If what they saw were people "having sex" there would be no reason to report it.
That is not what they saw.
The words matter.
When you, or the corporate media, call it "having sex" you are using the perps language to describe the incident.
Posted by: thebewilderness | November 24, 2011 at 04:06 PM
Rape, the word we're looking for is rape.
Posted by: Sebastian | November 24, 2011 at 07:49 PM
thebewilderness:
I'm so ashamed that I made that mistake -- that's what comes of reading too much mealy-mouthed coverage, I guess. I've corrected it in the post. Thank you for bringing it up.
Posted by: Doctor Science | November 26, 2011 at 11:47 AM
GoodOleBoy:
I was too vague. I meant that in both these cases, the hierarchy is more important than protecting children from abuse. Clearly, this isn't the case in *every* hierarchy -- but also clearly, it happens in *many* hierarchies.
If so, why is such the case? If not, how would it be qualified?
"Why" -- because humans are, in general, not as fond of children as they are of themselves, and they *really* aren't as fond of other people's children as they are of themselves.
Qualifications: although it can probably occur anywhere, we seem to see this pattern more:
- where the hierarchy is very strong and, well, hierarchical
- where the hierarchy is single-sex -- so in this sense "Hamlet's Father" is atypical. I don't think this is because women are "naturally better people" or even "naturally more protective of children", I suspect it's that (straight) men and women monitor each other's sexual behavior. As in the US Constitution, men and women act as checks and balances on each other.
- for both the Catholic Church and big-time sports (whether "amateur", like Penn State, or pro, like the Red Sox), there's a connection between the all-male hierarchy and masculinity itself. Men can become invested in the hierarchy not just because it gives them power, authority, or wealth, but because it makes them feel *manly*. This is an extremely strong emotional attachment, which means it's especially hard for them to see that someone is being hurt.
I'm kind of thinking as I type, here -- what do you think?
Posted by: Doctor Science | November 26, 2011 at 12:08 PM
Having witnessed close-hand the effects of multiple child rapes over a period of fifteen years in a small city, I have three things to say:
We do not have an adequate language for this. I hate calling this predatory behaviour a "scandal", but crime doesn't entirely fit, because it doesn't address the failures that allow predators to thrive.

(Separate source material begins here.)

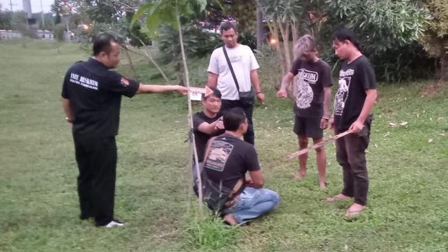 Polisi saat sudah mengamankan empat pemuda yang diduga terlibat pengeroyokan. Mereka YAP (28), warga Kecamatan Lengkong, Kabupaten Nganjuk; AEP (29), warga Desa Sumberejo, Kecamatan Gempol, Kabupaten Pasuruan; ME (30) Lampung Utara; dan MIR (18) asal Kecamatan Candi, Kabupaten Sidoarjo.

Before you condemn people for not responding to gut instincts about a predator (as opposed to evidence of abuse), please bear two things in mind: successful predators often have considerable talents, or at least the ability to appear talented; they almost always have tremendous ability to manipulate people, including professionals. Anyone with actual evidence of child rape has an obligation to act on it, and make sure the authorities act on it. I saw the perpetrator in the case I experienced as manipulative, at the center of social turmoil. I had no other information. I don't blame myself for not connecting the conflicts, the ego and the manipulation to rape. And therefore, I can't blame people who didn't know what went on at Penn State for not figuring it out.
I can't speak to generalities, but the case of multiple rape I saw at first hand, the perpetrator cultivated a sense not of hierarchy but of specialness. He gravitated to an institution (in the medium sized Ontario city where I lived) that many of us saw as special, as one of few claims to real distinction our city had. In other words, this man successfully exploited the same vulnerabilities in the adults around him that he exploited in the children he preyed on.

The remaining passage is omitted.